Word for word, restate the lines of the data below between those holding "This bingo card" and "В продаже вы", inclusive; pictures do not belong in the copy.
Start of Material provided
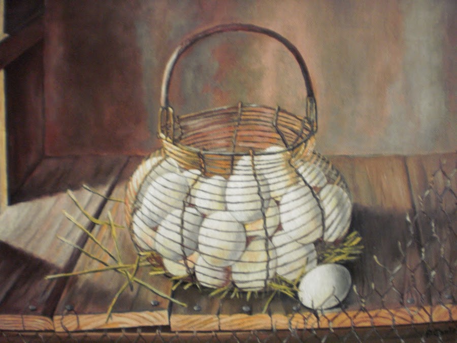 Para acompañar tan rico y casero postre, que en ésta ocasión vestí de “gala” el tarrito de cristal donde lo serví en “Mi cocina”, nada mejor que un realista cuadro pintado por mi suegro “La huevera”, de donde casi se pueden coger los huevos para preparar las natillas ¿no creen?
End of Material provided
Start of Material provided
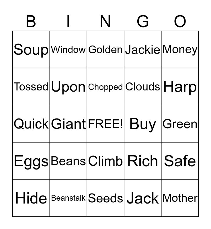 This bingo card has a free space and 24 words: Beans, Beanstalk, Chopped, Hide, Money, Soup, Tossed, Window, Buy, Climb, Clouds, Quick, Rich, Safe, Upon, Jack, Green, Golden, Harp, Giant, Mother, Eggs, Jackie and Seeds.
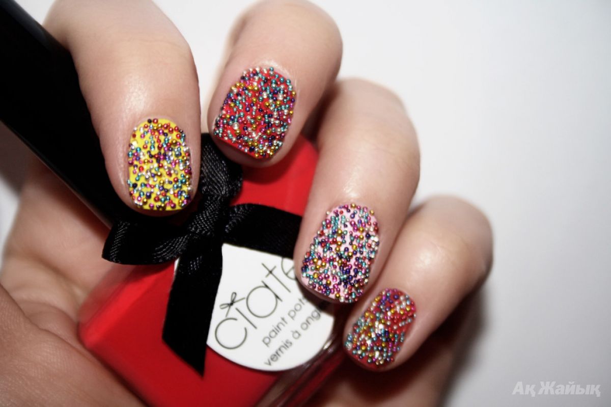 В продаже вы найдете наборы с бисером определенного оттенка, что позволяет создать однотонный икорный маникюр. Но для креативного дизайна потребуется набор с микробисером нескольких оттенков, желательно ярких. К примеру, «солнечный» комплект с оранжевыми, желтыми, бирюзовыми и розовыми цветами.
End of Material provided
*Answer section*.
 This bingo card has a free space and 24 words: Beans, Beanstalk, Chopped, Hide, Money, Soup, Tossed, Window, Buy, Climb, Clouds, Quick, Rich, Safe, Upon, Jack, Green, Golden, Harp, Giant, Mother, Eggs, Jackie and Seeds.
 В продаже вы найдете наборы с бисером определенного оттенка, что позволяет создать однотонный икорный маникюр. Но для креативного дизайна потребуется набор с микробисером нескольких оттенков, желательно ярких. К примеру, «солнечный» комплект с оранжевыми, желтыми, бирюзовыми и розовыми цветами.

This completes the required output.